Dining » Dining Review

Who's your Daddy?

The Fat one, in Conway, for good barbecue.


This reviewer can't think of a culinary option I approach with more anticipation than a plate of good barbecue. So it was a happy sight, the discovery of the newest outlet of the Russellville-based Fat Daddy's Bar-B-Que, at the corner of Court and Oak streets in Conway's Old Town district. Located in a former Napa Auto Parts store, Fat Daddy's has a comfortable dining room with an open layout of wooden tables ringed with several television monitors. There are no booths, but a full bar with high-top tables, separated from the dining room, provides a more casual dining experience. Appetizer options include fried chicken wings ($8.99), fried pickles ($6.99), onion rings ($6.99), BBQ nachos ($7.99), a smoked quesadilla ($7.99) and several other standards. Not wanting to fill up before the main event, however, we decided to dive straight into the good stuff. We chose the Fat Daddy pulled pork sandwich ($7.99), the mama bear of three size options, midway between the quarter-pound Fat Boy sandwich and the half-pound Grand Pappy. Sauces also come in three varieties, in squeeze bottles labeled "sweet," "hot" and "mixed — sweet and heat." I found a little of the hot satisfied my love of spice with a nice, tangy taste of vinegar. The mixed, however, was more than enough tang for most, with a bit more smoky taste. Each sandwich came with a choice of two sides; we went for the hand-breaded onion rings and sauteed vegetables. The Fat Daddy came piled high with smoky, but tender, pulled pork that could have been shredded a bit finer. The large chunks quickly became a knife and fork operation. The onion rings were crisp, with the batter — lightly spiced and with a bit of a pepper zing — clinging nicely to the ring. We enjoyed the vegetables, an unexpected option for a barbecue place. They were sauteed in butter and well seasoned. We give both sides high marks.

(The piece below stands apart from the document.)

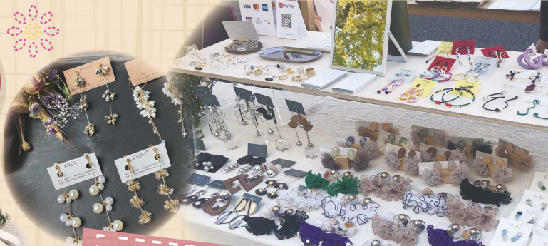
ハンドメイドアクセサリー

On our next trip to Fat Daddy's, we opted for a half rack of the St. Louis-style ribs ($9.99), a barbecued baked potato and a medium beef brisket sandwich ($6.99). The brisket sandwich was a winner, the meat tender and juicy, with a hint of smoke. Note: It seemed a bit smaller than the medium pulled pork sandwich from our previous visit. Again, a little finer chopping would help on the brisket. The BBQ spud was huge, heavier than a softball and filled with butter, sour cream, chives and more of that flavorful brisket. The potato was cooked well, so that it broke apart nicely. Though not listed as an entree, it could easily satisfy even a hearty appetite. The brisket was slightly drier than our companion would have liked, but with the addition of a little sauce she proclaimed it quite good.

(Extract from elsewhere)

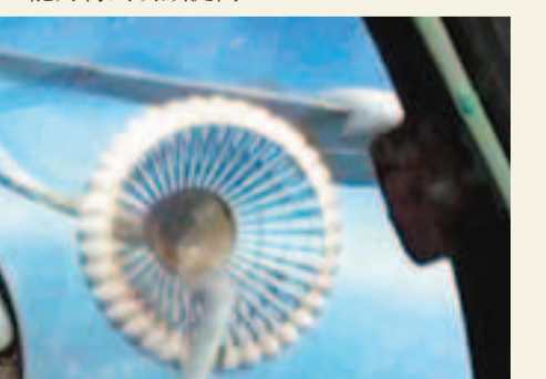
■在4,000米高空, 飛行員駕駛戰機緩緩靠近, 一次對接加油成功。 網上圖片

空中加油訓練是衡量現代空戰能力重要標誌之一, 戰機經過空中加油能夠極大提高戰機的作戰半徑、機動航程、有效載荷和滯空時間, 縱深突擊能力和戰場生存能力得到明顯提高。

The St. Louis ribs were the real winner of our second trip. Smoked with a dry rub that offered a wonderful flavor, the very tender ribs had a crisp seal and peeled easily from the bone. The rub was spicy, but not overpowering. Overall, we found that Fat Daddy's offers a nice "won't break the bank" option to the lengthy list of barbecue restaurants in Conway. It offers several pricier options we might try when our wallet is a little thicker — including center cut Omaha steaks and wine by the bottle or glass or local Flyway and Diamond Bear beers, which are available in addition to the usual beer options. If you've got your mouth set for good barbecue and not a lot of cash in your wallet, Fat Daddy's your man.

Fat Daddy's Bar-B-Que

1004 W. Oak St.




Quick bite

Daily specials include hamburgers (Monday), barbecued burritos (Tuesday and Thursday), all you can eat ribs (Tuesday dinner), barbecued flatbread (Friday) and St. Louis-style ribs (Saturday).


10:30 a.m. to 10 p.m. Monday through Thursday, 10:30 a.m. to 11 p.m. Friday and Saturday.